Stored items from a collection
────────

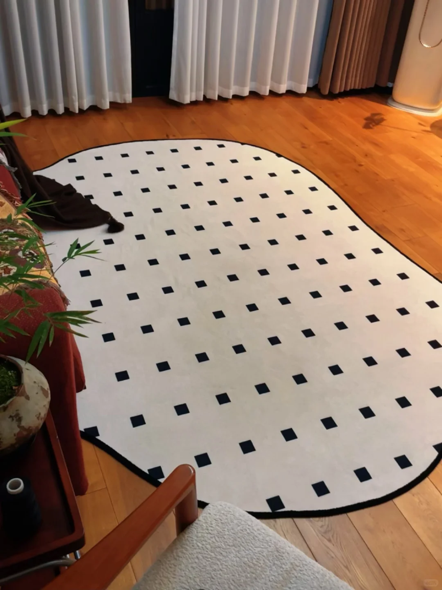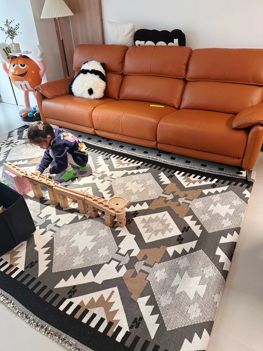 如果大家家里面也有尺寸比较大的旧地毯,那么也可以自己动手将其裁剪成不规则的形状,然后将边缘进行一下封边处理,这样就变成了一个非常独特的新地毯。
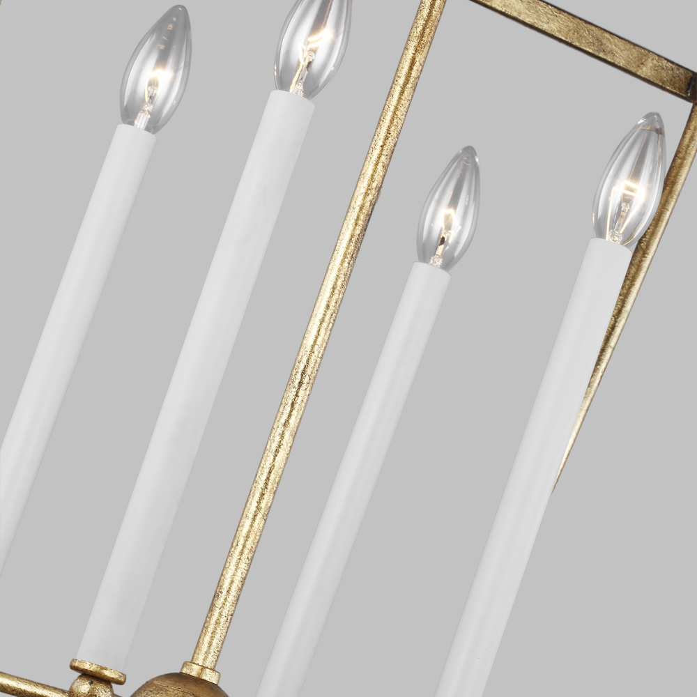 The Stonington four-light single-tier chandelier in antique gold is the perfect way to achieve your home's desired fashion or functional needs. Chapman & Myers have paired back the plantation-style lantern to its basic form – removing the glass sides and any adornment. The antique gild frame gives it a more classic, elegant look. Find the height or width that best matches your space.
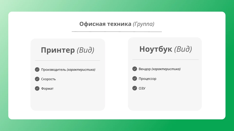 - Группа: может входить в "Офисная техника" далее "Компьютеры" и т.п.
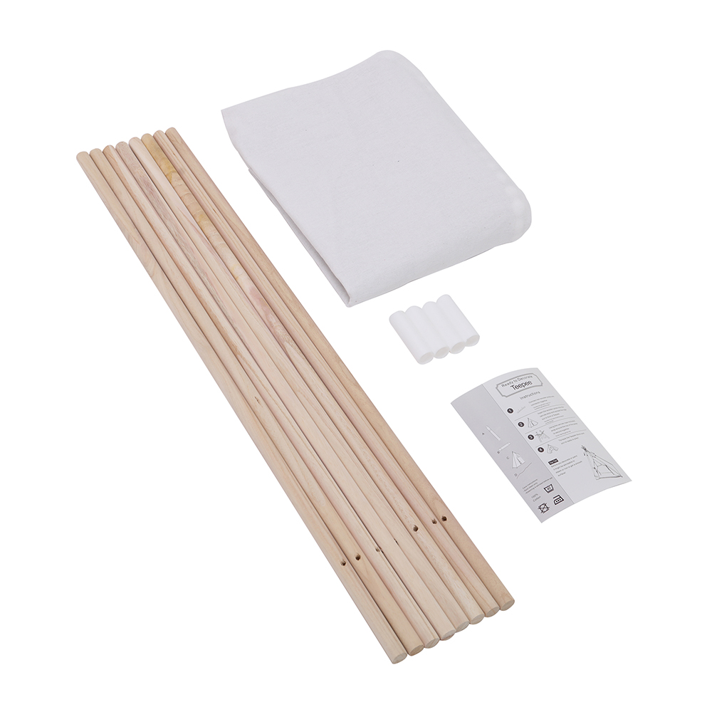 【Material and Size】: These Girls teepee tents are made of 100% natural, non-toxic, unpainted cotton canvas. The tent poles are made of sturdy pine wood and are free of chemical odors and harmful substances. Size(L x W x H): 55 x 55 x 57.8 inches.
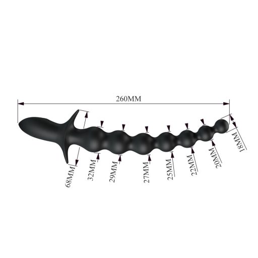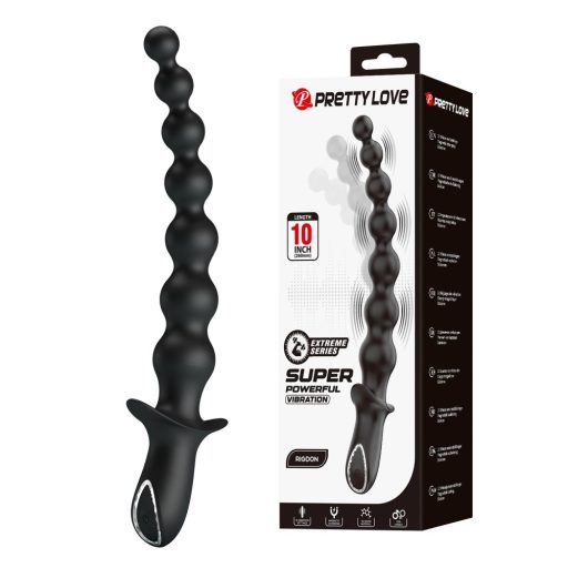 Fokozatos, rezgéssel fűszerezett anális élményre vágysz? A Pretty Love Rigdon 26 cm-es, prémium szilikonból készült gyöngysora hét, 3–3,4 cm átmérőjű, sima felszínű gömböt rejt. Rugalmas tengelye alkalmazkodik a test vonalaihoz, míg a biztonságos fogantyú stabil kontrollt nyújt be- és kihúzás közben. A beépített akkumulátor meghajtású motor 10 különböző vibrációs üzemmódot kínál, így a lágy bizsergetéstől a mély pulzálásig minden igényre találhatsz megfelelő ritmust. Uniszex kialakítása miatt nők és férfiak is felfedezhetik vele az anális örömök sokszínűségét.
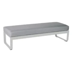 De Bellevie eetbank kussen flannelgrijs van het Franse merk Fermob is 148 centimeter lang, 53 centimeter breed en 41 centimeter hoog. De eettabel heeft een plaatstalen zitting en een frame gemaakt van aluminium. De eetbank weegt 21,2 kilogram. Bellevie is verkrijgbaar in verschillende kleuren. Elke kleur is kleurvast en zal daardoor niet verbleken in de zon. De eetbank heeft een goede weersbestendigheid.
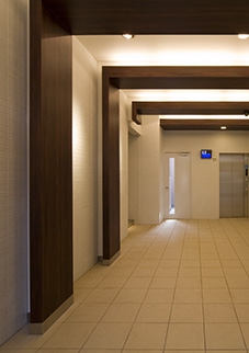 工期が短く、敷地形状がイビツであった事と、隣接建物・道路境界に接近した配置であり、各規制もあり資材の搬出入には、細心の注意が必要でした。
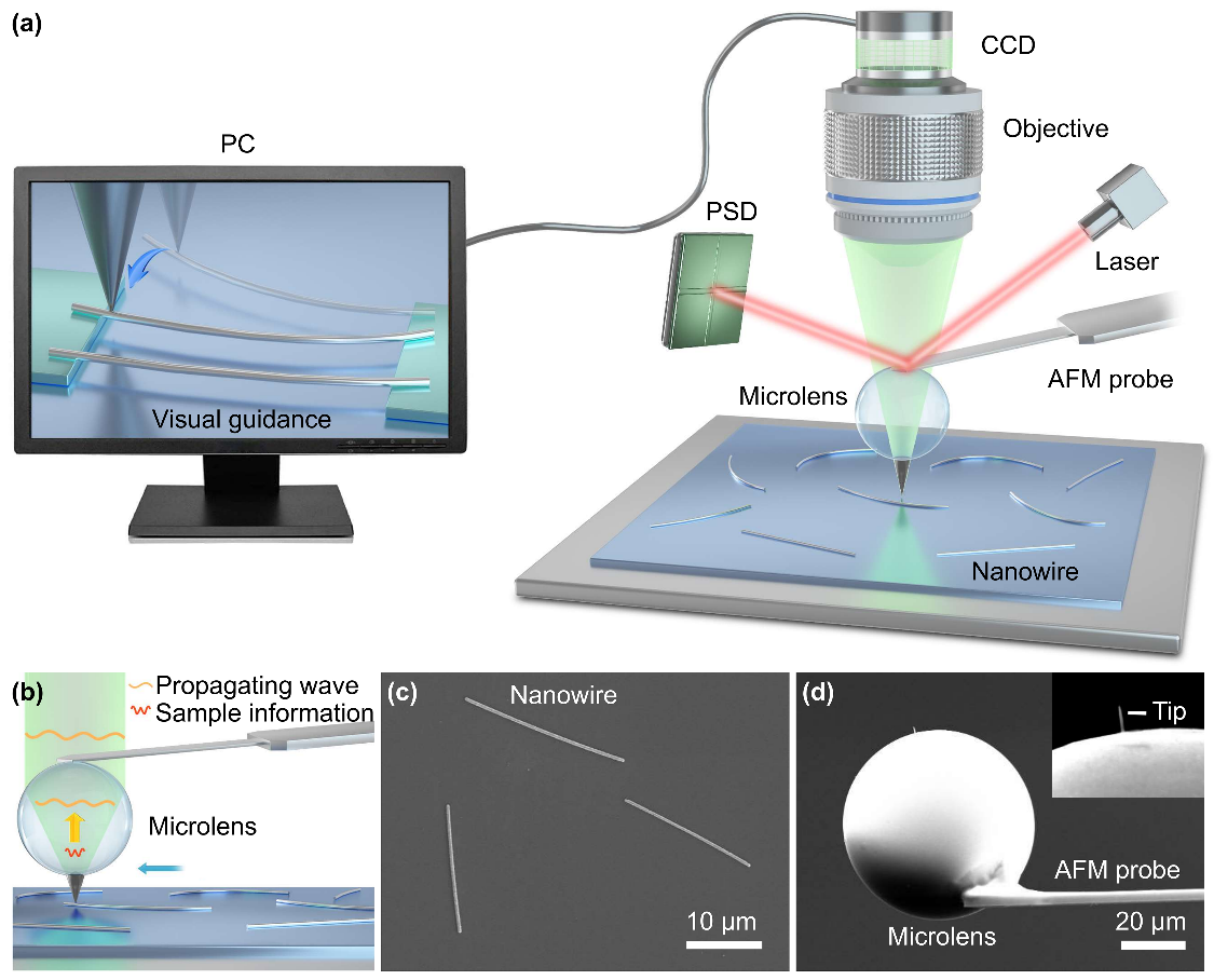 近期,中国科研实验室深圳先进技术研究院医学成像科学与技术系统全国重点实验室、医工所传感中心杨慧研究员团队以封面论文形式,在Nano Research发表题为“Real-time observation and synchronous nanomanipulation platform based on microlens and atomic force microscopy coupling”的研究成果,在百纳米级实时观测与同步操控技术领域取得新突破。团队提出微透镜与AFM的耦合方法,顺利获得聚焦离子束技术在微透镜表面沉积金刚石尖端,研发出兼具超分辨成像与精准操控功能的新型AFM探针系统。该技术将传统AFM光学成像模块的成像分辨率提升一个量级以上,并实现操作过程中200纳米银纳米线的实时光学追踪与同步操控。
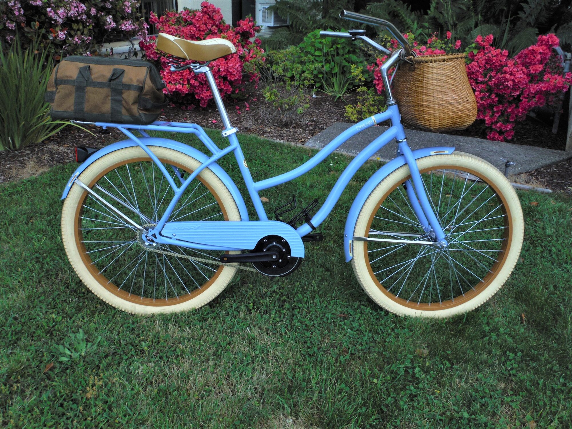 Thanks. I have been holding back. Someone accused me once of Spamming photos. This one will be a single speed classic beach cruiser, low step, in powder blue with brown touch points and accents and cream wide grippy tires. All touch points will be top shelf. It will have a special coaster brake torque sensing mid-motor at 85Nm. The gearing will be medium low for tourists hopping between my town's 12 beer gardens and visiting restaurants around the turning basin or seeing the bird sanctuaries on the flats. A casual town rider that can take gravel. It will have a brown tool bag on the rack. So far, all I have done is clean it and removed the grips and totally dumb vinyl big gulp cup holder. I will drill for all thru-frame wiring. A taller seat post is on the way. The front basket will go. The rear brown bag is so much better. And in honor of Mr. T. it is getting a gold chain with nano wax dry lube. The chainguard will stay. It will have one visible wire in dove gray by the headtube to the thumb sized display.
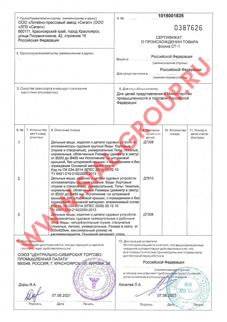 Сертификат происхождения СТ-1
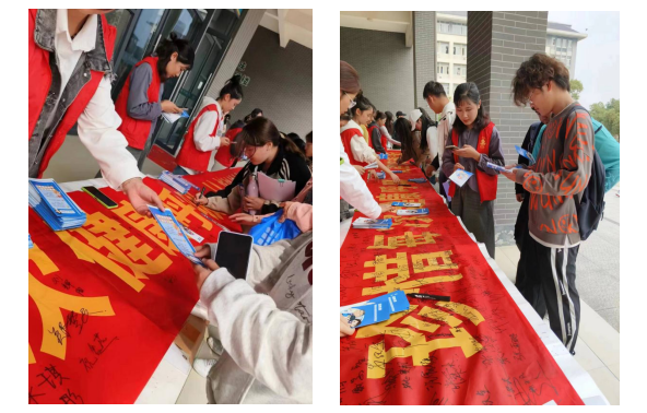 2023年10月9日,“啟明心”青年誌願者協會在食堂一樓門口開展以“珍惜每次健康呼吸,從控製結核病開始”為主題的橫幅簽字活動。活動現場,誌願者們身穿紅色馬甲,為廣大師生宣傳結核病防治知識,分發結核病防治手冊,有效提高了結核病防治在我校的知曉率和普及率。同時,廣大師生紛紛在宣傳橫幅上簽下自己的名字,積極加入到防治肺結核的行動中來!
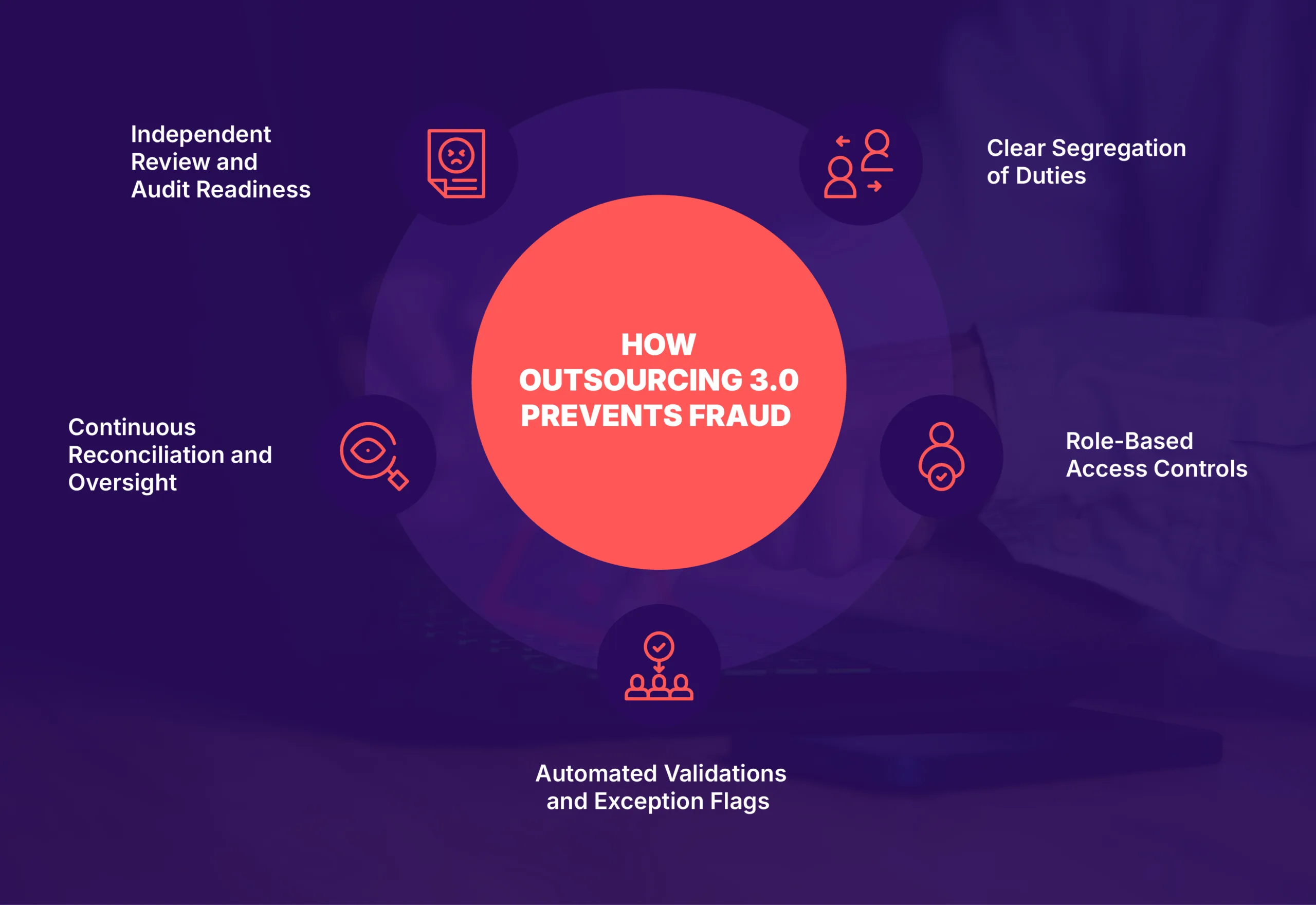 Modern outsourcing addresses these gaps by combining structured workflows, automation, and independent oversight. When implemented correctly, it acts as a preventive control rather than just a processing solution.

────────

-- What to produce --
Return only the lines running from the top of the data to the line that holds "x 57.8 inches.". Include both of those lines, but skip the pictures.

-- Task output --
 如果大家家里面也有尺寸比较大的旧地毯,那么也可以自己动手将其裁剪成不规则的形状,然后将边缘进行一下封边处理,这样就变成了一个非常独特的新地毯。
 The Stonington four-light single-tier chandelier in antique gold is the perfect way to achieve your home's desired fashion or functional needs. Chapman & Myers have paired back the plantation-style lantern to its basic form – removing the glass sides and any adornment. The antique gild frame gives it a more classic, elegant look. Find the height or width that best matches your space.
 - Группа: может входить в "Офисная техника" далее "Компьютеры" и т.п.
 【Material and Size】: These Girls teepee tents are made of 100% natural, non-toxic, unpainted cotton canvas. The tent poles are made of sturdy pine wood and are free of chemical odors and harmful substances. Size(L x W x H): 55 x 55 x 57.8 inches.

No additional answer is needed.